Arthur Monroe Tode (1894-1966) was born in Monroe, New York. In 1910 he enrolled in the New York Nautical School (as Maritime College was then known) aboard the Schoolship NEWPORT, graduating in 1912. He went on to obtain unlimited licenses as chief engineer for both steam and diesel powered vessels. During the First World War he served as a Lieutenant in the Navy and later achieved the rank of Lieutenant Commander, USNR. From 1918-1922 he returned to the New York Nautical School as Chief Engineer of the NEWPORT. From 1925 to 1932 he served as Technical Superintendent in the Marine Department of the Texas Company.
Though well known for many contributions in the field, it was Tode's association with the Propeller Club which brought him national recognition. This organization had been formed by a group of mariners in 1923 as a luncheon club whose members met informally to discuss maritime affairs. After Tode was elected president in 1931, he built a nation-wide membership, and the organization became a forceful advocate for building a strong merchant fleet. Between World War I and II he also established Propeller Clubs in foreign ports served by American ships. Even after he stepped down as president in 1935, Tode remained involved in the group as Honorary President till his death in 1966.
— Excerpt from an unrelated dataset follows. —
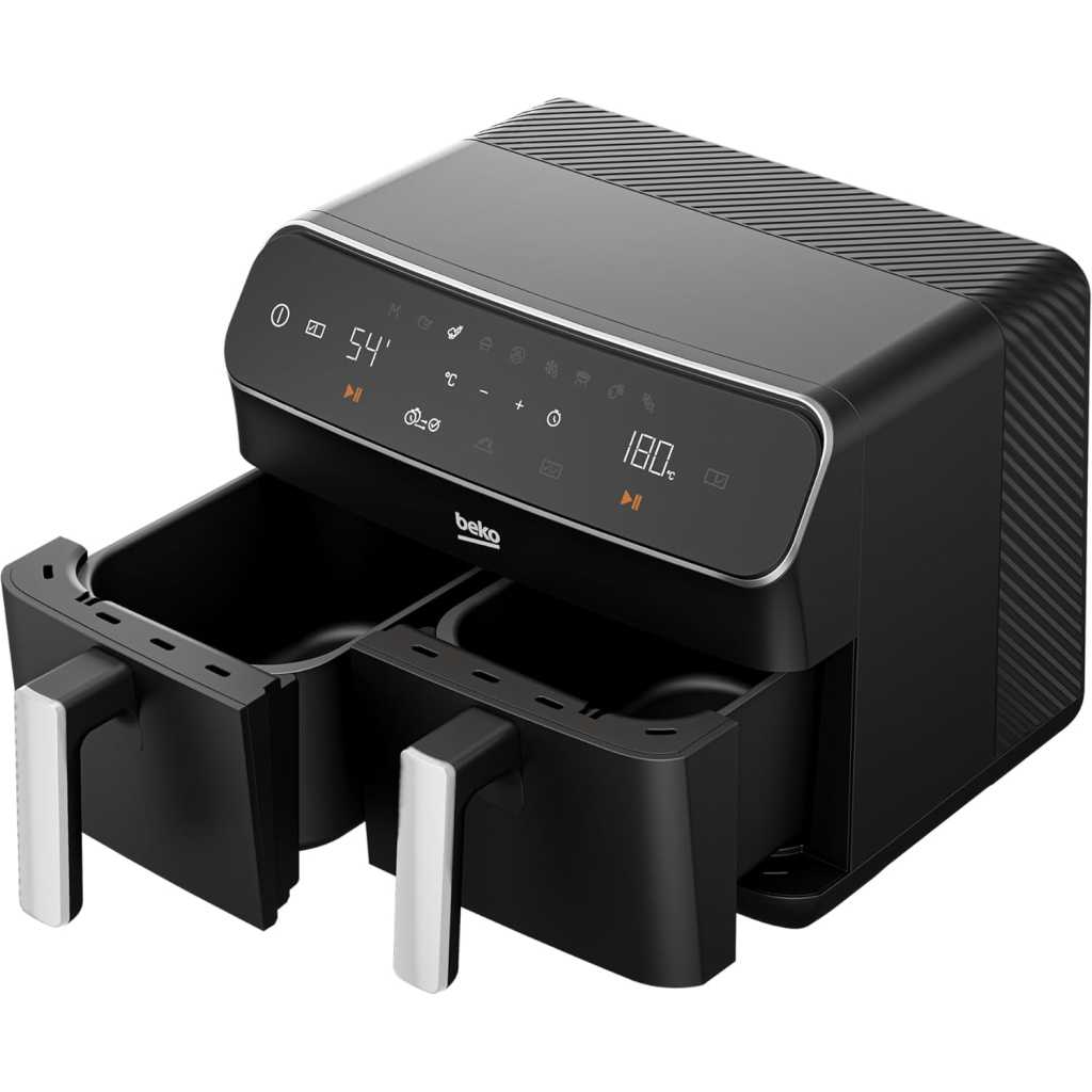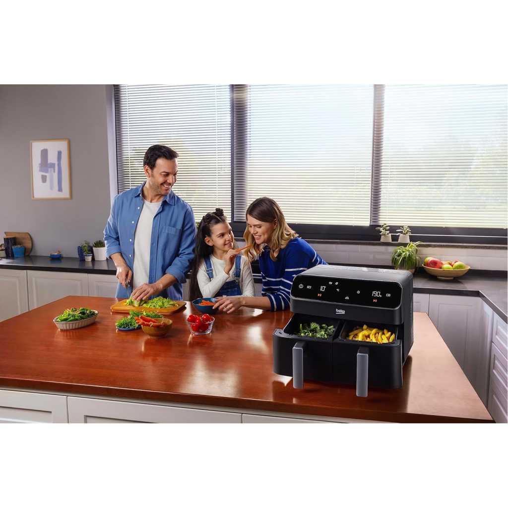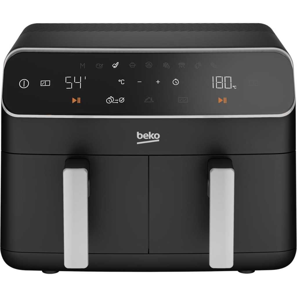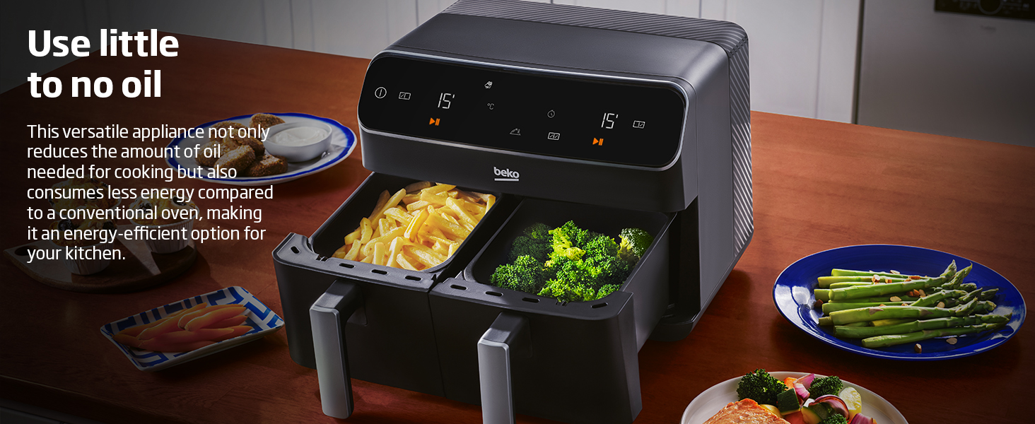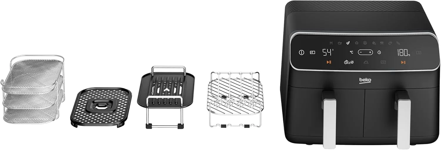 Beko Dual Zone Air fryer ExpertFry FRL5388B | 8.5L Capacity | Smart Finish | Match Cook | Wide LED Screen | 9 Automatic Cooking functions | Dehydrate | Air Fry, Black. From the manufacturer Use little to no oil – This versatile appliance not only reduces the amount of oil needed for cooking but also consumes less energy compared to a conventional oven, making it an energy-efficient option for your kitchen. 8.5L Dual Zone – Thanks to this model’s 8.5L Dual Basket, you can cook two large dishes simultaneously without mixing odours, maximizing your cooking efficiency, and saving time in the kitchen. Dishwasher Safe Accessories – Complete with four dishwasher-safe accessories, including a dehydrating rack, cooking rack, grill, and skewer rack, this stylish air fryer provides convenient and versatile cooking options Smart Finish – Cook two different dishes with ease with the Smart Finish feature. This intelligent programme ensures both dishes are ready at the same time, streamlining your cooking process and saving you time. Match Cook – Achieve perfectly cooked meals every time with the Match Cook feature. By easily copying cooking settings from one side to the other, this programme will save you time while delivering delicious results. Wide LED Screen – Thanks to the wide LED display, you can easily navigate through your Air Fryer’s menu options and temperature settings, making cooking a seamless experience. 9 Automatic Cooking Functions – Featuring 9 automatic cooking functions, including Manual, Grill and Dehydrating, this versatile appliance provides convenient meal preparation with pre-set cooking modes for a variety of dishes.

A member of numerous maritime associations, Tode was the first Marine Engineer to receive an honorary membership to the Marine Society of the City of New York. In addition, he was the only American elected Honorary Member of the Seven Seas Club of London. He remained involved in Maritime College as President of the Alumni Association from 1928 to 1930 and as Chairman of the Board of Visitors from 1942 to 1954.
Tode was also Vice-President of the Circumnavigators Club, an organization whose members consisted of individuals who had circled the globe longitudinally, a feat which he accomplished with this wife, Kate Eisig Tode.